The Japan Virtual Currency Exchange Association (JVCEA) at the Centre of the Controversy
Established in 2018 to oversee the country’s multibillion-dollar virtual asset business, the JVCEA has been criticized by regulators for poor governance and chronic under-resourcing. Industry insiders have reported that staff even formed a union to protect themselves from management decisions.
Regulatory Vacuum Allows Financial Crime to Flourish
According to industry executives, lawyers, and current and former financial regulators, Japan’s approach to cryptocurrencies has led to a regulatory vacuum that is allowing financial crime to flourish. The country’s Financial Services Agency (FSA) has repeatedly criticized the JVCEA for delays in implementing crucial anti-money laundering regulations.
FSA Concerns Over Communication Breakdown
The FSA has also expressed concerns over the lack of communication between JVCEA directors, its secretariat, and member operators, resulting in poor management of the organisation. The JVCEA has acknowledged delays in approving digital coins due to a lack of skilled staff, but denies any intention of favouring more established exchanges.
Industry Insiders Fear Loss of Global Centre for Virtual Asset Trading
The crisis has sparked concerns among industry insiders that Japan’s pioneering status as a global centre for virtual asset trading is at risk. The country was one of the first to recognize cryptocurrencies as financial assets and establish a system for licensing crypto exchanges.

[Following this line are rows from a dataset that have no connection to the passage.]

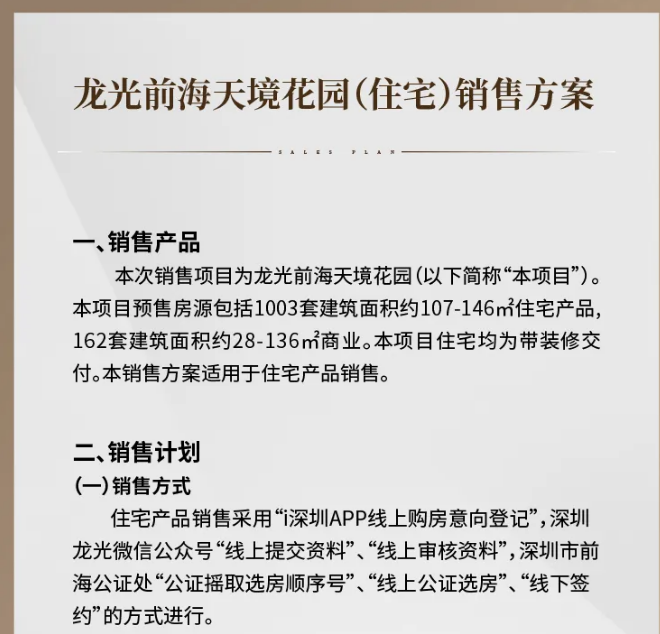 龙光前海天境和天健悦桂府都要先在i深圳APP上进行购房意向登记,才能在相应公众号线上提交资料。目前,i深圳APP上“购房诚意登记“已经上线。
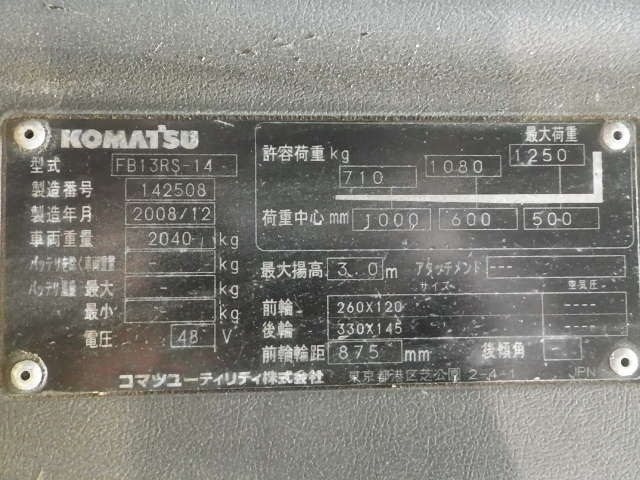 Xe nâng điện đứng lái 1.3 tấn Komatsu model FB13RS-14 serial 142508 |
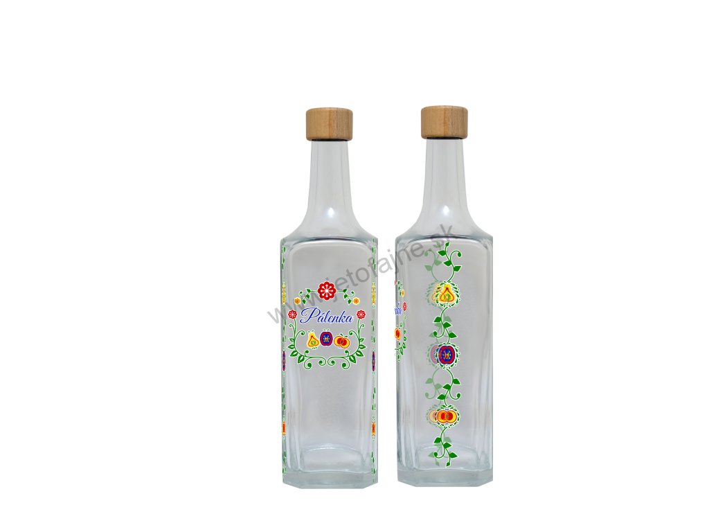 Luxusná hranatá fľaša, ktorá je zdobená sklárskym viacfarebným výpalom vmotívoch ovocia na prednej strane a po bokoch. Darčeková fľaška s originálnym dekorom je vhodným darčekom pre milovníkov destilátov. K darčekovým fľaškám odporúčame vybrať aj kalíšky v rovnakom dizajne, čím si vytvoríte kompletnú sériu podľa svojho želania.

Concerns Over Anti-Money Laundering Regulations
“We’re very worried about the current situation,” said Meiji University professor and JVCEA board member Masao Yanaga. “The regulators have pushed to establish anti-money laundering regulations, but the industry has been taking its time to work on it.”
Industry experts warn that the lack of progress in anti-money laundering regulations is creating an environment conducive to financial crime. “There’s a very strong request from the FSA to move on this,” said Yanaga. “But without international agreements on sharing customer data between exchanges, it’s hard to implement these rules.”

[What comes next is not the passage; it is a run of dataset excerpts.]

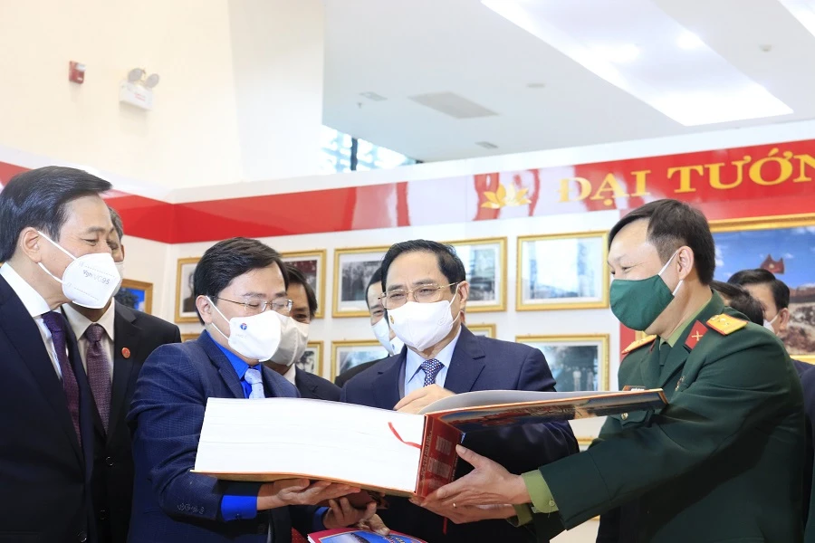 Ngay trước lễ kỷ niệm, Thủ tướng Phạm Minh Chính cùng các đại biểu cũng tham quan triển lãm về cuộc đời và sự nghiệp của Đại tướng Võ Nguyên Giáp.
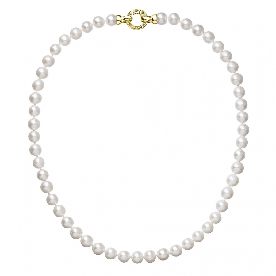 Perlový náhrdelník 22003.1 o celkovej dĺžke 45 cm v bielej farbe. Každá perla je zaistená uzlíkovou väzbou , a tak sa pri nechcenom pretrhnutí náhrdelníka nestane, že sa vám perly rozkotúľajú na všetky strany. Zaujímavo riešené okrúhle pozlátené strieborné zapínanie zdobené niekoľkými trblietavými zirkónmi dodáva náhrdelníku na elegancii. Striebro použité na zapínanie má rýdzosť 925/1000 a povrchovú úpravu zlatom. Náhrdelník neobsahuje nikel, a tak ho môžu bez obáv nosiť aj alergici.
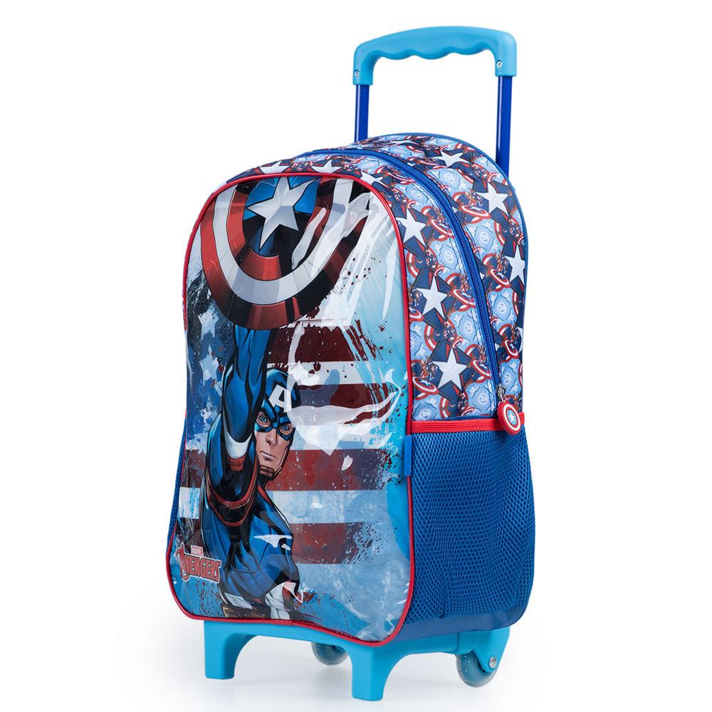 Mochila Escolar Masculina de Rodinhas Capitão América Azul Claro

Labour Union Demands Change
The labour union formed by JVCEA staff has published demands for the removal of top figures at the organisation and better working conditions.
Conclusion
As the crisis deepens, industry insiders are left wondering whether Japan’s bold experiment with self-regulation will ultimately prove successful or become a cautionary tale for other countries considering similar approaches.